EXERCISE OBJECTIVE
What are the lines from the one containing "Dr. Sandeep Patel, Associate" through the last line of the records below? Return them exactly, leaving out pictures.

= Beginning of Section =

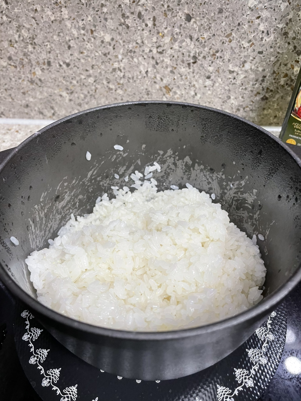 3. 불을 끄고 나서 밥을 전체적으로 골고루 섞어 준다. 이 상태에서 바로 밥을 퍼 먹어도 맛있긴 하지만 더 맛있게 먹는 방법은 다시 냄비 뚜껑을 닫아 뜸을 들이는 것이다. 불은 꺼져있지만 무쇠솥이 머금고 있는 잔열이 밥을 더 맛있게 뜸 들여 준다.
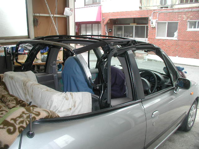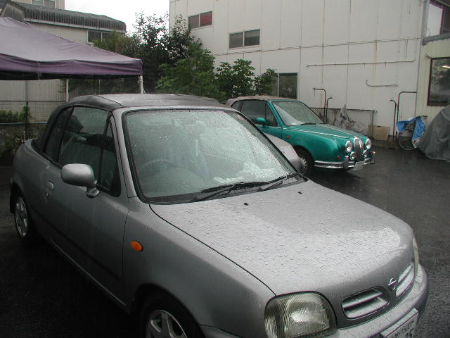 この雨は雨漏り検査に絶好のチャンス、これで大丈夫なら?? サイドゴムつなぎ目2番目から背もたれの上に・・
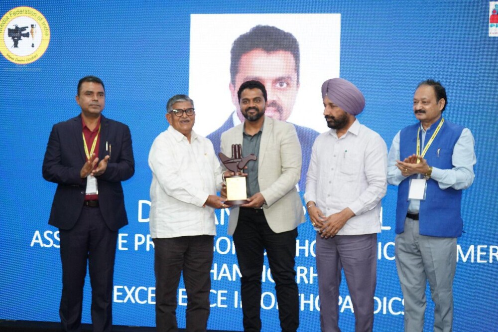 Dr. Sandeep Patel, Associate Professor in the Department of Orthopaedics at PGIMER, Chandigarh, was honoured with the ‘Excellence in Orthopaedics’ Award at the 6th Entrepreneur & Achiever Awards 2025, jointly organized by the Media Federation of India (MFI) and the Public Relations Council of India (PRCI).
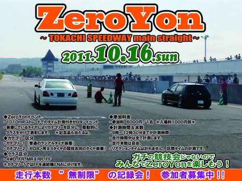 「お~いまだですか~・・・」とか「やるんだべな?」とかいろいろとお問い合わせを頂いている ZeroYonイベント の案内をやっとする事ができます。 遅くなってごめんね~((+_+))。 開催日は 10月16日の日曜日に参加料金 6000円 で開催します。 イベントの詳細は ホームページ内の イベント案内 にアップしたので見てね! 申込用紙はそのページの最下部に PDF で申込用紙をダウンロードできるので、Zeroyonイベントへの参加希望者は記入して FAX(0155-53-3366) してください。 FAXの後はイベント当日に 朝7時~8時 に サーキットの PIT7番~16番PIT に集合! そして 18PIT横の事務所で受付をしてください。 たぶん北海道で開催のZeroyon最終日になるような気がするので、みんなで遊びに来てくださいね!
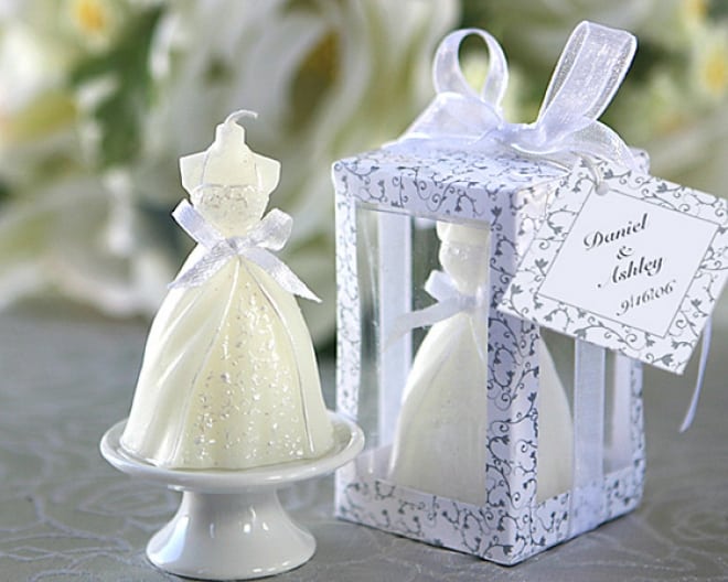 Vela vestido novia en caja adornada
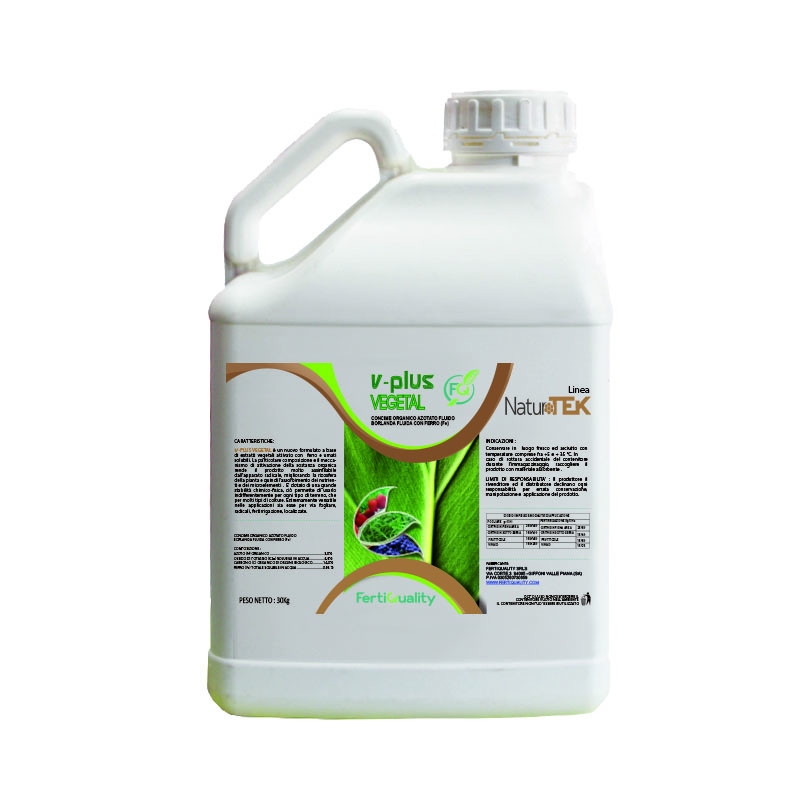 V-PLUS VEGETAl è un nuovo formulato a base di sostanza organica altamente assimilabile. I componenti fondamentali (amminoacidi vegetali a basso peso molecolare arricchito di alghe ed estratti vegetali) e acidi umici e fulvici, rendono il prodotto particolarmente assimilabile dalle radici. V-PLUS VEGETAL fonde la sostanza organca e gli amminoacidi con l’innovativa matrice MF 22. Il compound MF 22 è costituito da una selezione specifica di proteine del latte e aminoacidi vegetali a basso peso molecolare inferiore a 100Da riconisciuti rapidamente dalle piante in quanto della stessa famiglia. Il prodotto può essere impiegato per via fogliare e radicale.
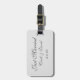 Custom luggage tag is shown in a light grey colour with Just Married text.
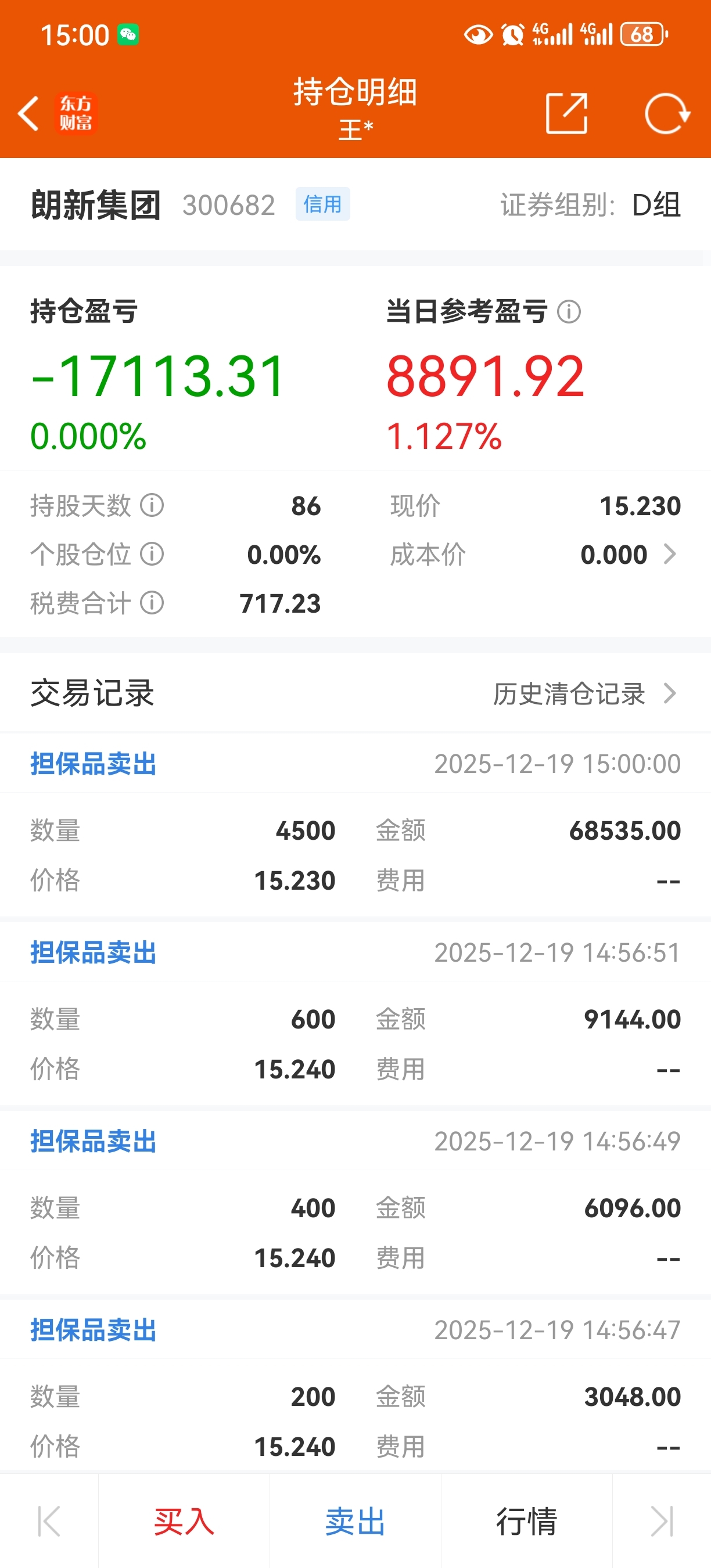 $朗新集团(SZ300682)$ 留下的加油,2天120w全部清仓

= End of Section =

FINAL ANSWER
 Dr. Sandeep Patel, Associate Professor in the Department of Orthopaedics at PGIMER, Chandigarh, was honoured with the ‘Excellence in Orthopaedics’ Award at the 6th Entrepreneur & Achiever Awards 2025, jointly organized by the Media Federation of India (MFI) and the Public Relations Council of India (PRCI).
 「お~いまだですか~・・・」とか「やるんだべな?」とかいろいろとお問い合わせを頂いている ZeroYonイベント の案内をやっとする事ができます。 遅くなってごめんね~((+_+))。 開催日は 10月16日の日曜日に参加料金 6000円 で開催します。 イベントの詳細は ホームページ内の イベント案内 にアップしたので見てね! 申込用紙はそのページの最下部に PDF で申込用紙をダウンロードできるので、Zeroyonイベントへの参加希望者は記入して FAX(0155-53-3366) してください。 FAXの後はイベント当日に 朝7時~8時 に サーキットの PIT7番~16番PIT に集合! そして 18PIT横の事務所で受付をしてください。 たぶん北海道で開催のZeroyon最終日になるような気がするので、みんなで遊びに来てくださいね!
 Vela vestido novia en caja adornada
 V-PLUS VEGETAl è un nuovo formulato a base di sostanza organica altamente assimilabile. I componenti fondamentali (amminoacidi vegetali a basso peso molecolare arricchito di alghe ed estratti vegetali) e acidi umici e fulvici, rendono il prodotto particolarmente assimilabile dalle radici. V-PLUS VEGETAL fonde la sostanza organca e gli amminoacidi con l’innovativa matrice MF 22. Il compound MF 22 è costituito da una selezione specifica di proteine del latte e aminoacidi vegetali a basso peso molecolare inferiore a 100Da riconisciuti rapidamente dalle piante in quanto della stessa famiglia. Il prodotto può essere impiegato per via fogliare e radicale.
 Custom luggage tag is shown in a light grey colour with Just Married text.
 $朗新集团(SZ300682)$ 留下的加油,2天120w全部清仓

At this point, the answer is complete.